At last he turned from the window and came to the bed and stared at my useless legs.

“She was so damn close to a clean getaway, you know.”

I dared to speak. “I know.”

“Full scholarship, the university in September. She could have been anything. Which is another reason I won’t cry. Hell if I will. She had it all. She was pretty and brilliant and funny and graceful and kind. She was so kind to everyone. She understood more about life, about the world, than I ever, ever, ever will. She lived so intensely, man, just so intensely. She lived more in seventeen years than most people would in a hundred, and that’s nothing to cry about. That’s nothing to cry about, is it?”

I said, “No.”

At last he met my eyes.

I said, “I loved her, too.”

Fortunately, earlier I had been taken off the IV drip as well as off the catheter. After Malcolm put down the safety railing, he climbed into bed with me, no less clumsy than ever. He put his head upon my chest, as if he were smaller than me, younger than me.

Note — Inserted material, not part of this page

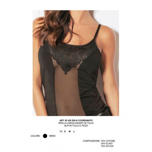 Top spalla stretta in microfibra con inserti in tulle trasparente e raffinato pizzo lavorato a motivo floreale.
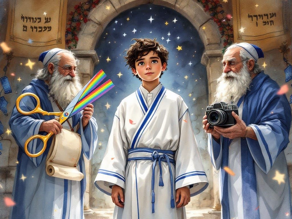 A watercolor portrait of a boy on the cusp of adulthood. He's flanked by elders with scissors and a camera, set against a backdrop of weathered stone and pixelated decorations in whimsical style.

One of the many wonders of this world is that, if we allow it to happen, anyone newly met can all but overnight become a central figure in our lives, hardly less essential to us than air and water. Although we’ve made it a world of hatred and envy and violence, the preponderance of evidence proves to me that it is a world created to inspire friendship and love and kindness.

He said, “Don’t hate yourself, Jonah. You’re not your father and you never could be. You’ve got to be yourself, you and me still the way we’ve always been with each other. You’re all I have now, Jonah. Just you. Just you.”

His pledge never to cry lasted only until then.

86

So many people came to visit me at the hospital, but the one I most expected—Miss Pearl—never appeared. She had said that she’d given me more help than she ever should, what happened next would be up to all the people who lived along her streets, and my part of what happened next was up to me. I still hoped to see her again.

Until we were on our way home in Grandpa’s twenty-one-year-old Cadillac, I hadn’t given a thought to the cost of the medical care. I knew we had an inexpensive form of insurance, and suddenly I realized that the care I’d been given must have been the best.

Riding beside me in the backseat, Mom said, “The hospital refuses to bill us, sweetie. And all the doctors, too. We don’t want charity. We made our case to be allowed to pay over time, but none of them will take a dime. I don’t know, it is a Catholic hospital, and maybe all those years your grandma worked for the monsignor is why.”

I said, “There sure are good people in the world, aren’t there?”

“There sure are,” she agreed.

From behind the wheel, Grandpa Teddy said, “And I’m proud to be a chauffeur today for two of the best of the good. What say we stop at Baskin-Robbins and relieve them of three hand-packed quarts of ice cream for dessert, each of us with the right to pick one flavor?”

Mom said, “You don’t have to ask me twice.”